**** EXERCISE MATERIAL ****

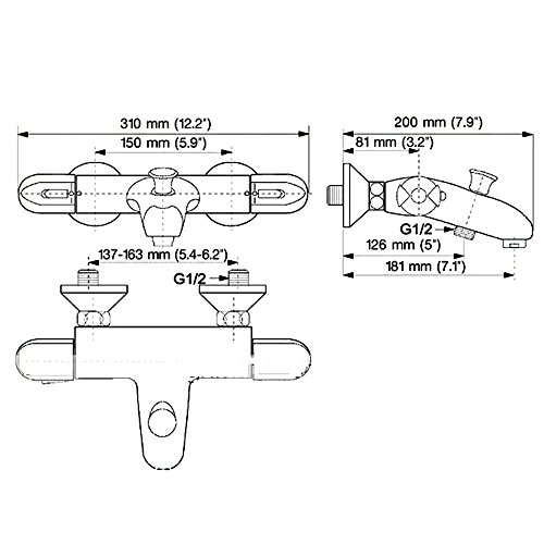 サーモスタットシャワー混合栓 壁付き バス用混合栓 バス用水栓金具 浴室用 混合水栓 壁付きサーモスタット混合栓 水栓 寒冷地向け
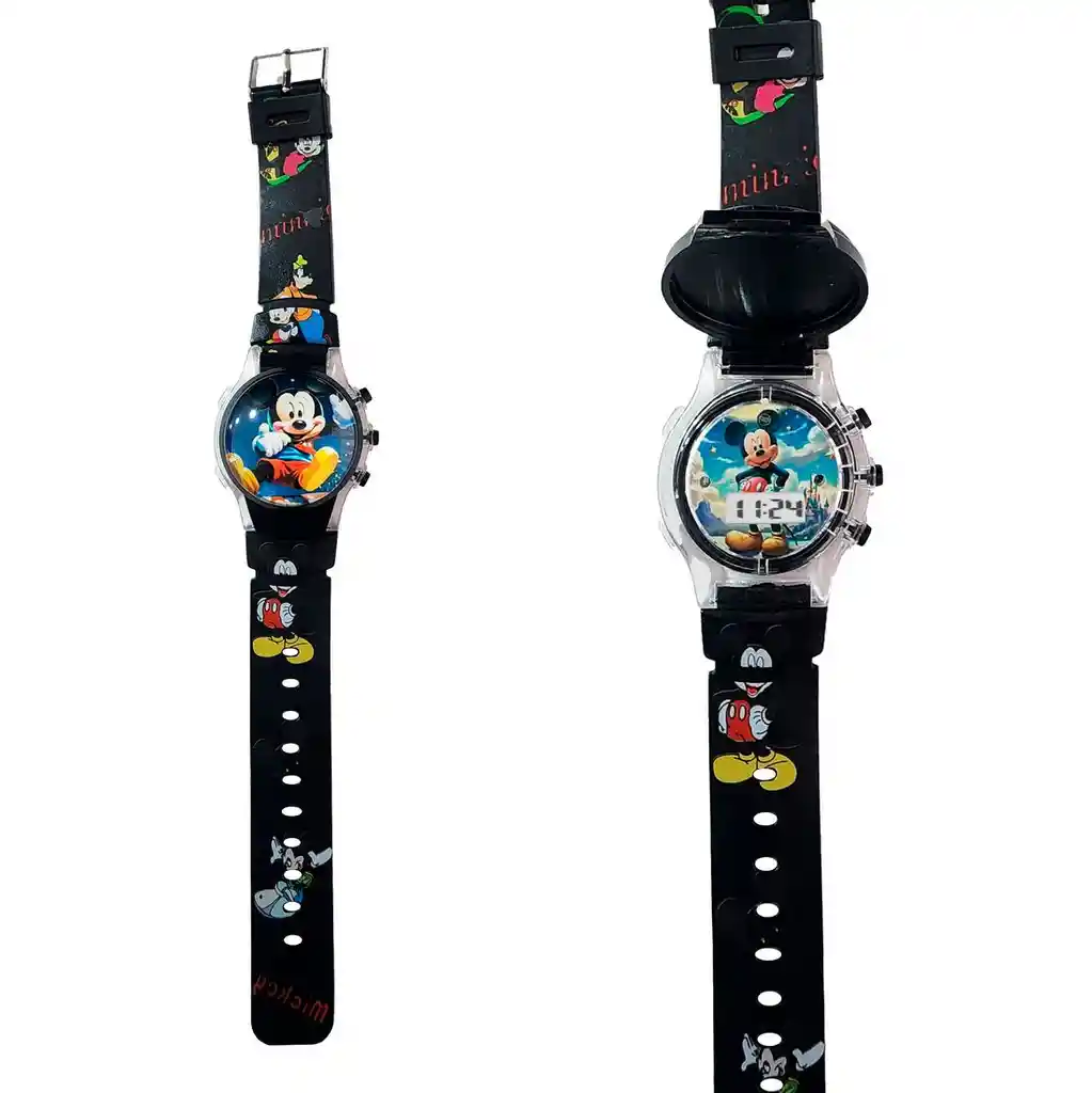 Este reloj digital para niños está diseñado con colores brillantes y cuenta con un personaje favorito en la pantalla. Además de mostrar la hora, el reloj también tiene luces y sonidos que se activan cuando se presionan los botones laterales. Los sonidos son divertidos y atractivos para los niños, lo que les ayuda a aprender y reconocer los números del reloj. Con este reloj, los niños pueden aprender a leer la hora mientras se divierten con su personaje favorito. Es un accesorio perfecto para cualquier niño que esté aprendiendo a leer la hora y quiera hacerlo con estilo. Ficha Técnica: Materiales: Silicona y Plástico PVC Longitud: 22.5 cm Ancho de la correa: 1.6 cm Diámetro: 3.5 cm Edad recomendada: + 3 años Términos de garantía: _Para defectos de fábrica o retractos: _Por favor revise el producto apenas lo reciba y antes de usarlo. No aplican ley de retracto o defectos de fábrica luego de usar el producto. Se manejan máximo 5 días para reportar defectos de fábrica (por ejemplo, piezas faltantes, rotas, etc). En cuanto a maquinaria se da tres meses de garantía, es decir el buen funcionamiento del producto. Para hacer efectiva la devolución el producto debe devolverse con el empaque original, el cual debe estar en buen estado, incluir todos los documentos y las partes completas y sin daños. Los cuidados y recomendaciones para mantener un producto en buen estado son los siguientes: No aplicarle perfumes ni cremas directamente, no mojarlos, no dejarlos caer y procurar limpiarlos para retirar suciedad.
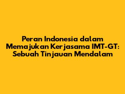 Peran Indonesia Dalam Memajukan Kerjasama IMT-GT: Sebuah Tinjauan Mendalam
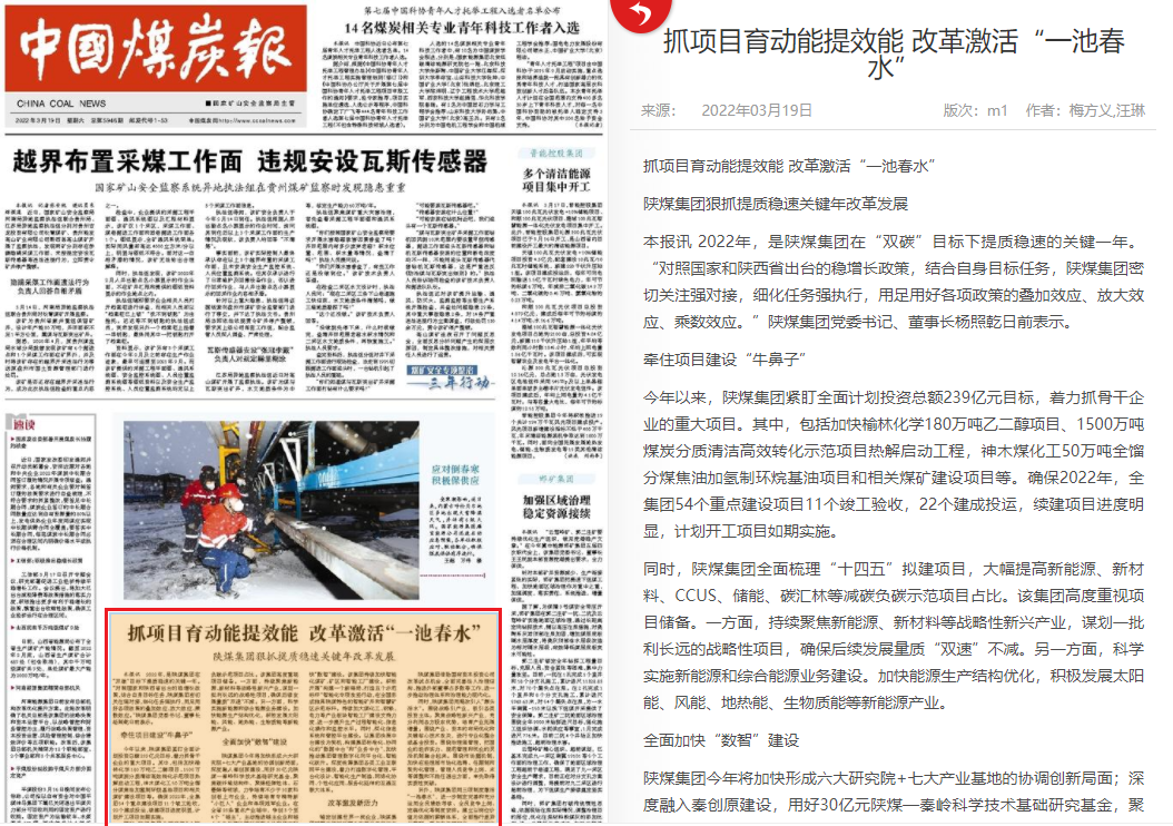 同时,陕煤集团用混改引入“源头活水”。围绕战略引产业,吸引各类投资主体;聚焦战略性新兴产业,充分利用各方股东优势,培育产业拓展增量;围绕产业、资本的布局优化和关键核心技术攻关,进行专业化整合或基金投资。围绕治理强管理,把国企的经济实力、规范管理和民企的灵活机制融合起来。围绕市场塑机制,加快在经理层市场化选聘、任期制和契约化管理,管理人员竞争上岗、末等调整和不胜任退出方面,率先取得实质性突破。
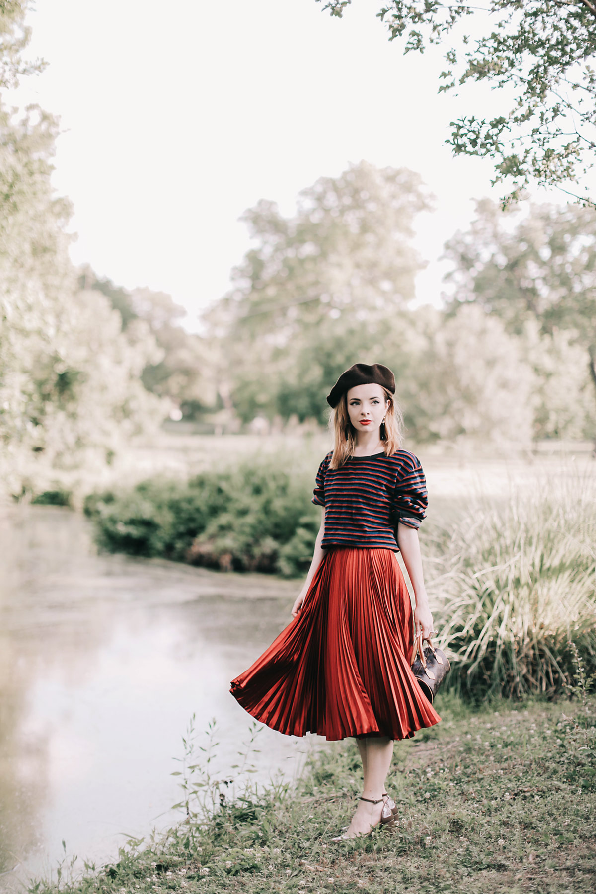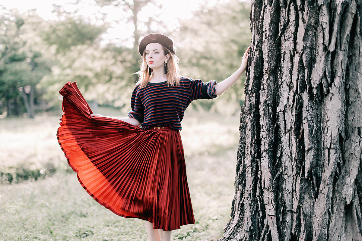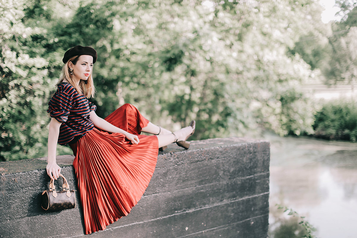 This is a look I put together with some recent vintage favorites. The skirt is 70s Celine and the top is vintage Sonia Rykiel. I’m a huge Sonia Rykiel fan and this outfit is definitely inspired by some of her signature looks. I love how she played with French classics in such a tongue-in-cheek way, and her use of disco-light shades of super saturated color. I added a beret and a tassel earrings just for fun with this. I’m not normally a fan of knife pleats but in the context of this skirt I love them, the shiny fabric makes the skirt play with the light in such a great way! Maybe I’ll have to change my mind about knife pleats now.
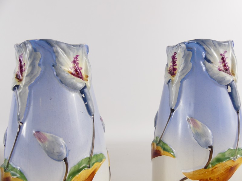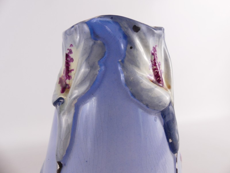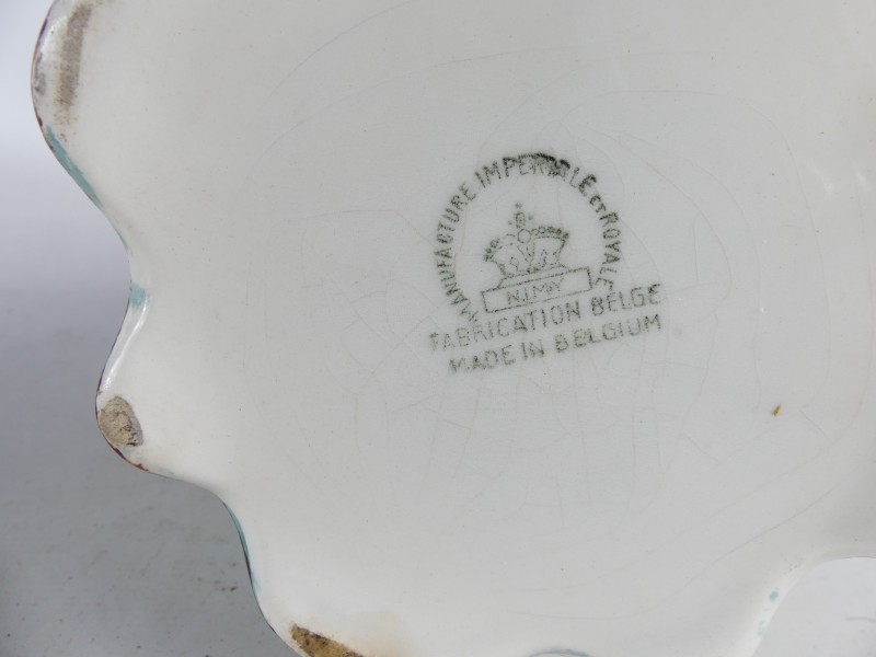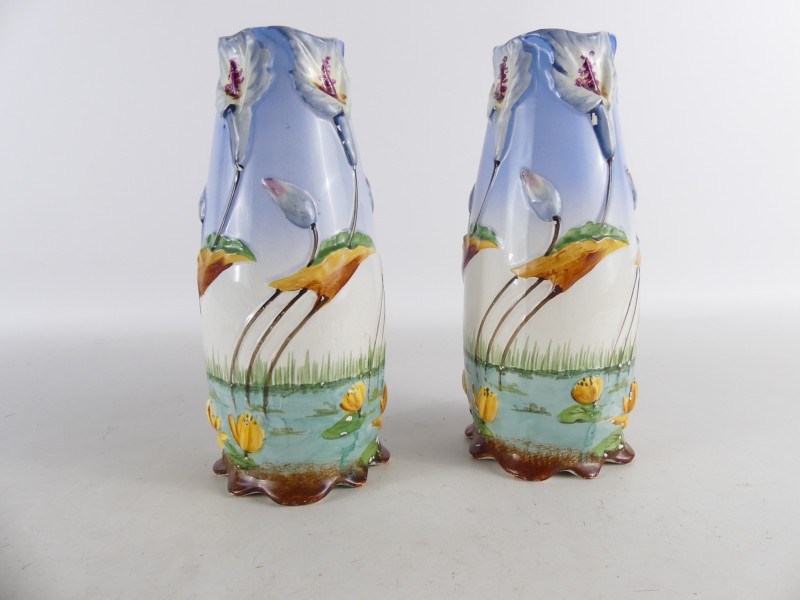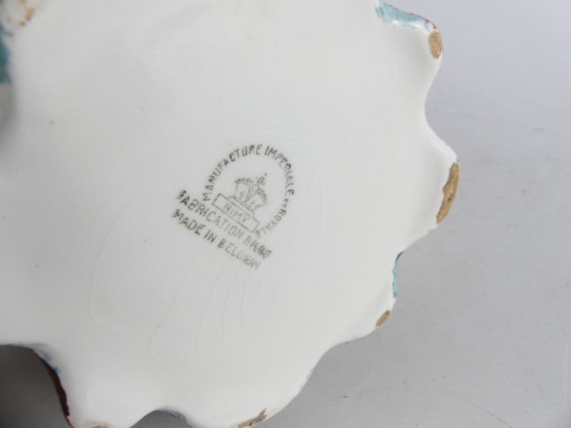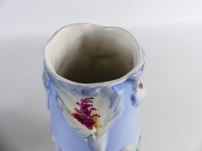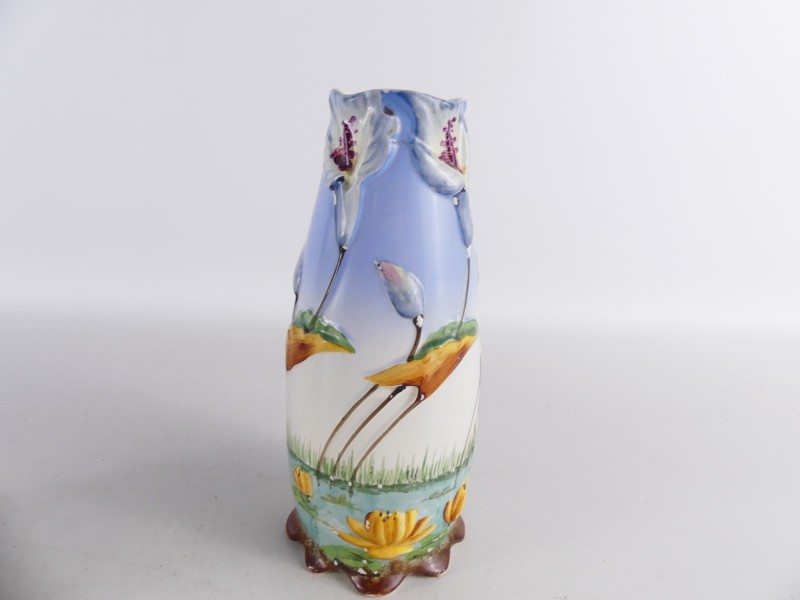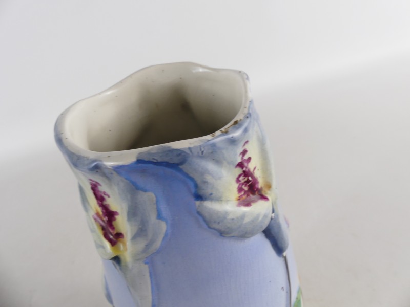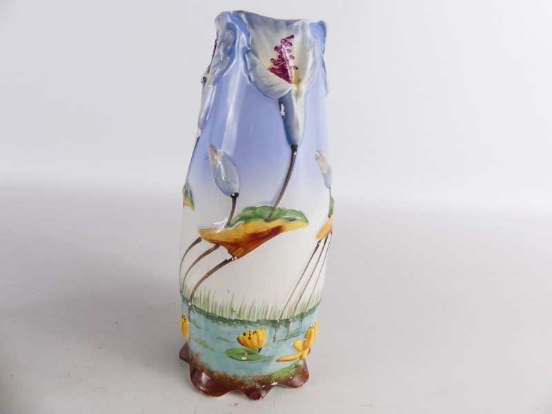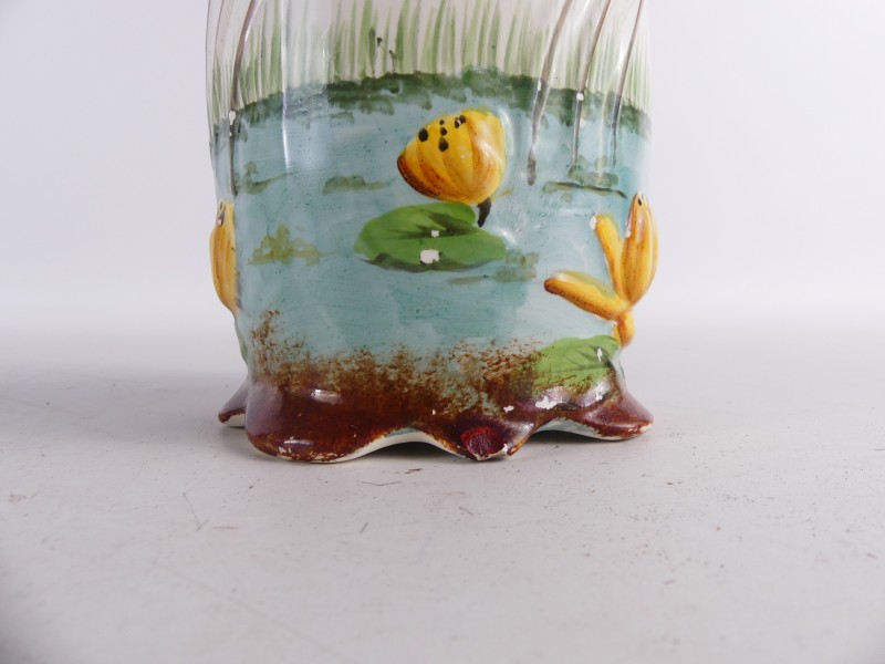 Gedecoreerd met waterlelies en irissen in reliëf, uitgevoerd in zachte pastelkleuren. Onderaan gemerkt met Made in Belgium. Mooie Art Nouveau-stijl. Enkele kleine chips en lichte verfslijtage aan de basis.

****

- WORK INSTRUCTIONS: Retype each entry above character for character; pictures stay out.

- FINAL ANSWER:
 サーモスタットシャワー混合栓 壁付き バス用混合栓 バス用水栓金具 浴室用 混合水栓 壁付きサーモスタット混合栓 水栓 寒冷地向け
 Este reloj digital para niños está diseñado con colores brillantes y cuenta con un personaje favorito en la pantalla. Además de mostrar la hora, el reloj también tiene luces y sonidos que se activan cuando se presionan los botones laterales. Los sonidos son divertidos y atractivos para los niños, lo que les ayuda a aprender y reconocer los números del reloj. Con este reloj, los niños pueden aprender a leer la hora mientras se divierten con su personaje favorito. Es un accesorio perfecto para cualquier niño que esté aprendiendo a leer la hora y quiera hacerlo con estilo. Ficha Técnica: Materiales: Silicona y Plástico PVC Longitud: 22.5 cm Ancho de la correa: 1.6 cm Diámetro: 3.5 cm Edad recomendada: + 3 años Términos de garantía: _Para defectos de fábrica o retractos: _Por favor revise el producto apenas lo reciba y antes de usarlo. No aplican ley de retracto o defectos de fábrica luego de usar el producto. Se manejan máximo 5 días para reportar defectos de fábrica (por ejemplo, piezas faltantes, rotas, etc). En cuanto a maquinaria se da tres meses de garantía, es decir el buen funcionamiento del producto. Para hacer efectiva la devolución el producto debe devolverse con el empaque original, el cual debe estar en buen estado, incluir todos los documentos y las partes completas y sin daños. Los cuidados y recomendaciones para mantener un producto en buen estado son los siguientes: No aplicarle perfumes ni cremas directamente, no mojarlos, no dejarlos caer y procurar limpiarlos para retirar suciedad.
 Peran Indonesia Dalam Memajukan Kerjasama IMT-GT: Sebuah Tinjauan Mendalam
 同时,陕煤集团用混改引入“源头活水”。围绕战略引产业,吸引各类投资主体;聚焦战略性新兴产业,充分利用各方股东优势,培育产业拓展增量;围绕产业、资本的布局优化和关键核心技术攻关,进行专业化整合或基金投资。围绕治理强管理,把国企的经济实力、规范管理和民企的灵活机制融合起来。围绕市场塑机制,加快在经理层市场化选聘、任期制和契约化管理,管理人员竞争上岗、末等调整和不胜任退出方面,率先取得实质性突破。
 This is a look I put together with some recent vintage favorites. The skirt is 70s Celine and the top is vintage Sonia Rykiel. I’m a huge Sonia Rykiel fan and this outfit is definitely inspired by some of her signature looks. I love how she played with French classics in such a tongue-in-cheek way, and her use of disco-light shades of super saturated color. I added a beret and a tassel earrings just for fun with this. I’m not normally a fan of knife pleats but in the context of this skirt I love them, the shiny fabric makes the skirt play with the light in such a great way! Maybe I’ll have to change my mind about knife pleats now.
 Gedecoreerd met waterlelies en irissen in reliëf, uitgevoerd in zachte pastelkleuren. Onderaan gemerkt met Made in Belgium. Mooie Art Nouveau-stijl. Enkele kleine chips en lichte verfslijtage aan de basis.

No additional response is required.